In a relatively low number of cases, the Prostar closure device may fail, leading to significant blood extravasation. Repeated balloon inflations for a prolonged period of time (>10 minutes) could lead to successful bleeding control and eventually closure of the access site. Definite Prostar failure should be considered if two 10-minute inflations of the balloon fail to stop extravasation and in this case urgent surgical repair is indicated (see Figure 7). However, as described above, with the balloon inflated in the proximal part of the CFA, surgical repair can be easily achieved without hurry, with the bloodless surgical field providing the opportunity for an optimal result. Otherwise, once haemostasis is achieved, the sutures are cut and the skin incision closed at a later time using surgical adhesive strips (Steri-Strips). It is better to keep the incision trauma open for a while to ensure immediate identification of a delayed blood leak or local haematoma.

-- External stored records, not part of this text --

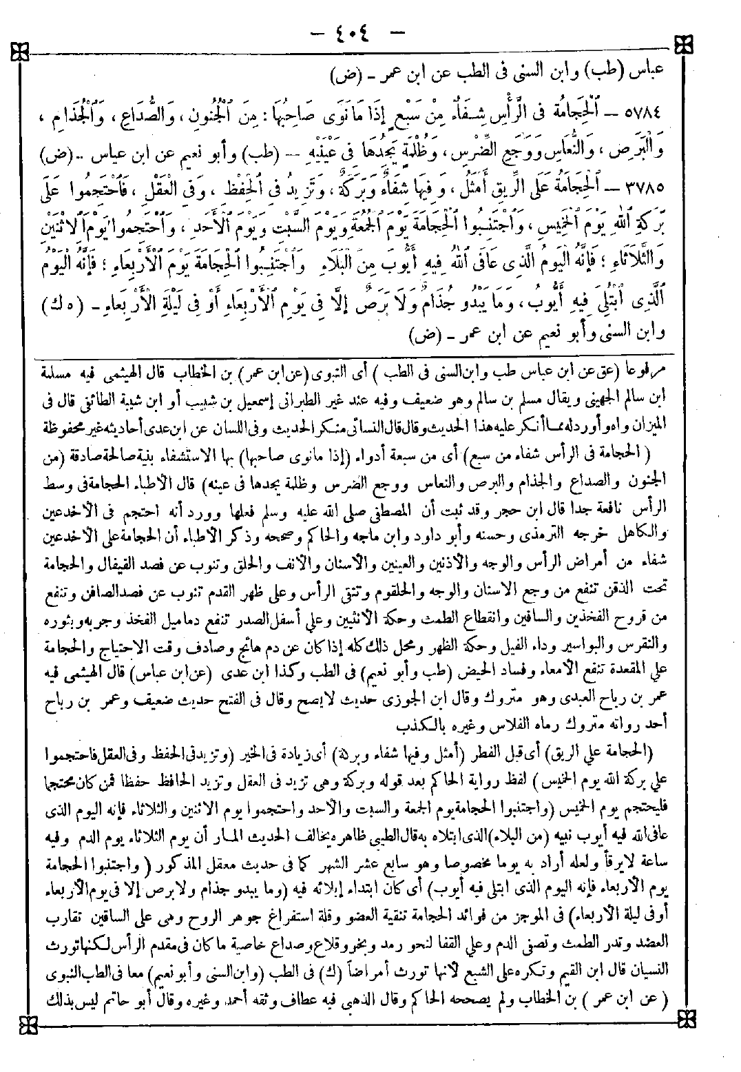3785 - (الحجامة على الريق) أي قبل الفطر (أمثل وفيها شفاء وبركة) أي زيادة في الخير (وتزيد في الحفظ وفي العقل فاحتجموا على بركة الله يوم الخميس) لفظ رواية الحاكم بعد قوله وبركة وهي تزيد في العقل وتزيد الحافظ حفظا فمن كان محتجما فليحتجم يوم الخميس (واجتنبوا الحجامة يوم الجمعة والسبت والأحد واحتجموا يوم الاثنين والثلاثاء فإنه اليوم الذي عافى الله فيه أيوب نبيه (من البلاء) الذي ابتلاه به قال الطيبي: ظاهره يخالف الحديث المار أن يوم الثلاثاء يوم الدم وفيه ساعة لا يرقأ ولعله أراد به يوما مخصوصا وهو سابع عشر الشهر كما في حديث معقل المذكور (واجتنبوا الحجامة يوم الأربعاء فإنه اليوم الذي ابتلى فيه أيوب) أي كان ابتداء إبلائه فيه (وما يبدو جذام ولا برص إلا في يوم الأربعاء أو في ليلة الأربعاء) في الموجز من فوائد الحجامة تنقية العضو وقلة استفراغ جوهر الروح وهي على الساقين تقارب العضد وتدر الطمث وتصفي الدم وعلى القفا لنحو رمد وبخر قلاع وصداع خاصية ما كان في مقدم الرأس لكنها تورث النسيان قال ابن القيم: وتكره على الشبع لأنها تورث أمراضا
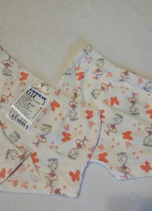 Трусики шорты для девочек фирмы Baykar. Цена за единицу товара 85 грн. размер 3: 5-6 лет , рост 122-128 см, Замеры: полуокружность по верху резинки 22 см, ПОБ 26 см, высота трусиков 18 см размер 4: 7-8 лет , рост 134-140 см, Замеры: полуокружность по верху резинки 23 см, ПОБ 27 см, высота трусиков 19 см Состав: 95% хлопка, 5% эластана. Качество отличное. Если нужны дополнительные фото(фото на теле не делаю) или замеры, всегда отвечу, поэтому делайте покупку обдуманно. При покупке любой продукции белья от 6-ти единиц - скидка 3%. При следующей покупке скидка 3%.
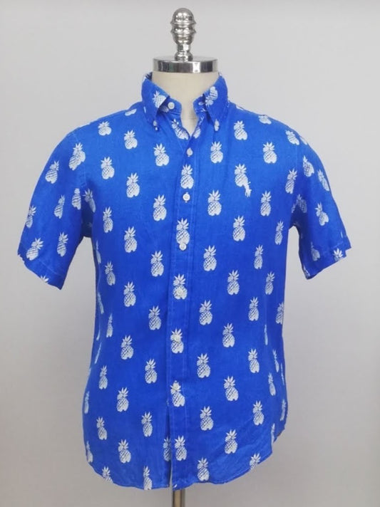 Camisa Polo Ralph Lauren 🏇🏼 de Lino en color azul con diseño de piñas en blanco Talla S Entalle Clásico
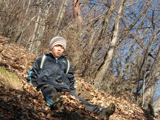 そして、前回の景信山のときと同様、枯葉の滑り台を。
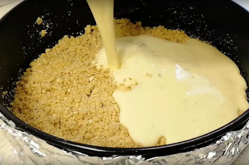 Připravte si dortovou formu, kterou vymažte máslem a dno vyložte pečicím papírem. Na dno rozložte moučkovou drť a dobře ji prsty upěchujte. Na ni nalijte vrstvu zakysané smetany.
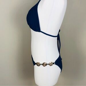 Letarte blue 2 pc string bikini triangle top tortoise shell embellishment
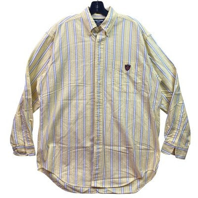 Ralph Lauren Golf Shirt Mens Medium Button Down Yellow Stripe Tilden Preppy
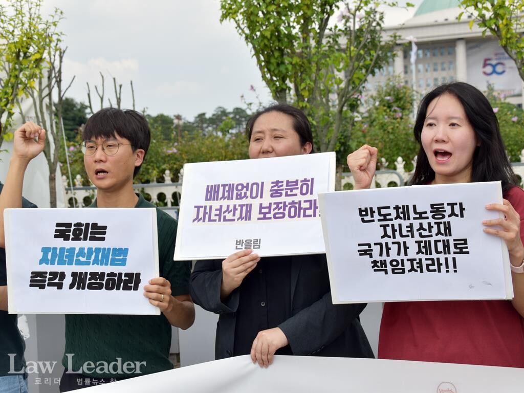 한편, 이날 기자회견에는 이종란ㆍ정향숙ㆍ임다윤 반올림 상임활동가, 조승규 노무사, 천지선 변호사(공익인권법재단 공감), 삼성디스플레이 자녀 산재 피해자 정 씨, 임혜인ㆍ이슬아 노무사(삼성전자 반도체 자녀 산재 피해자 발언문 대독), 고광민 변호사(서울대 공익법률센터), 진은선 장애여성공감 활동가 등이 참석했다.
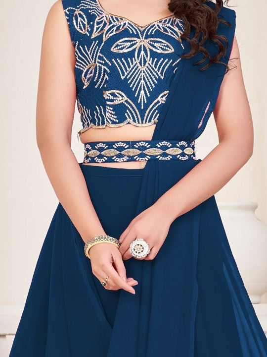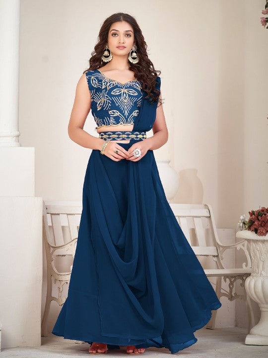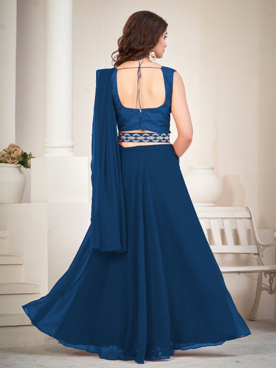 Turquoise blue and white embroidered unstitched blouse, has a round neck, three-quarter sleeves, turquoise blue and white embroidered semi-stitched lehenga, has zip closure, flared hem
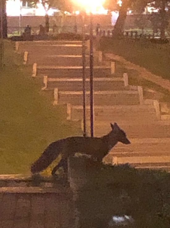 Жители Петрозаводска встретили лису в самом центре города. Подписчик группы «Подслушано в ПТЗ» увидел лесного хищника у Вечного огня на площади Ленина.
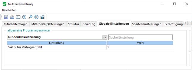 Abbildung 42 - Globale Einstellungen für Kundenklassifizierung
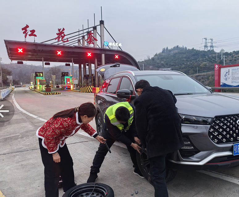 湖北日报客户端讯(通讯员 谢沁园)1 月 2 日凌晨 6 时,元旦假期刚过,一辆小客车在红花套收费站广场戛然而止,宁静的氛围瞬间被打破,车辆停滞不前。执勤人员听到尖锐的刹车声后,火速奔赴现场,只见车主神色焦虑且无助。工作人员当即向现场管理员汇报,管理员迅速赶到,先是温和地安抚车主的情绪,随后便认真细致地排查车辆故障。一番检查后发现,车辆右前胎已损坏,无法正常行驶。管理员果断采取行动,有条不紊地帮助司机更换备胎,其他工作人员也心领神会、默契协作,不多时便让车辆恢复了正常行驶状态。
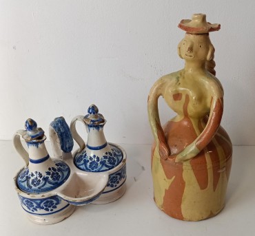 cerâmica e barro, decoração policromada, séc. XX, faltas e defeitos. Dim. - 30 cm (maior)
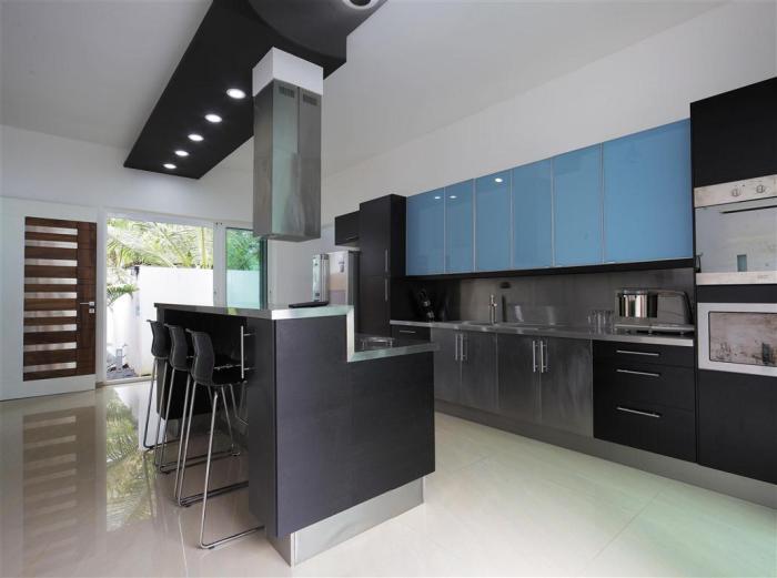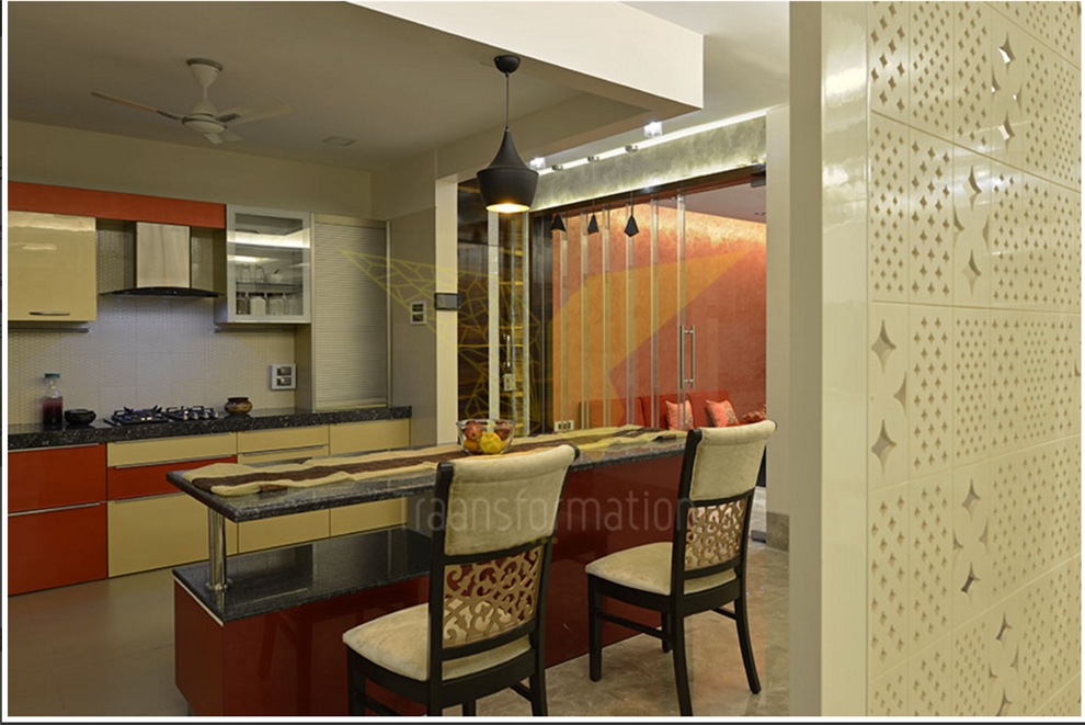 In homes where space is not a constraint, the formal dining area is kept separate and a small breakfast bar is included in the kitchen; for convenience.
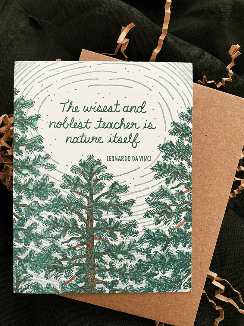 Card reads, “The wisest and noblest teacher is nature itself. – Leonardo Da Vinci”
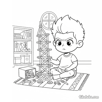 In den Bildern sind Kinder beim Bauen von Türmen, Vogelhäusern oder Sandburgen zu sehen. Ein kleiner Archäologe reinigt ein Dinosaurierfossil, während ein Junge einen Balsaholzgleiter baut. Auch ein freundliches Monster und ein Roboter, die sich auf ihre Konstruktionen konzentrieren, gehören zu den Motiven. Die schwarz-weißen Malvorlagen mit klaren Konturen eignen sich gut zum Ausdrucken. Du kannst alle 14 Bilder zum Thema Konzentration einzeln herunterladen oder sie direkt im Browser ausmalen, um die Feinmotorik zu fördern.

Finally, if a stenosis of the CFA at the site of the Prostar sutures is evident, a prolonged (at least five minutes) low-pressure inflation of the balloon could positively remodel the artery. The contralateral femoral access could be closed either manually or with a closure device. In our catheter laboratory we use a modified version of the cross-over technique, as shown in Figure 8.
In EVAR procedures the technique should be the same, except for the use of a larger introducer sheath, which is also needed in the contralateral artery; this means that the cross-over technique could be used for the main CFA access, and careful removal and closure with the pre-closure technique of the smaller sheath should be undertaken. However, theoretically, a third access (e.g. radial or brachial) could be used before ending the procedure, placing a guidewire and a balloon in the contralateral CFA as previously described.
Vascular access is one of the leading complicationss of the TAVI and EVAR procedures, and can have severe consequences. The continuous growth of operator experience together with the evolving technology of the devices and refinement of the procedural techniques as described in this article will reduce dramatically the incidence of MVC.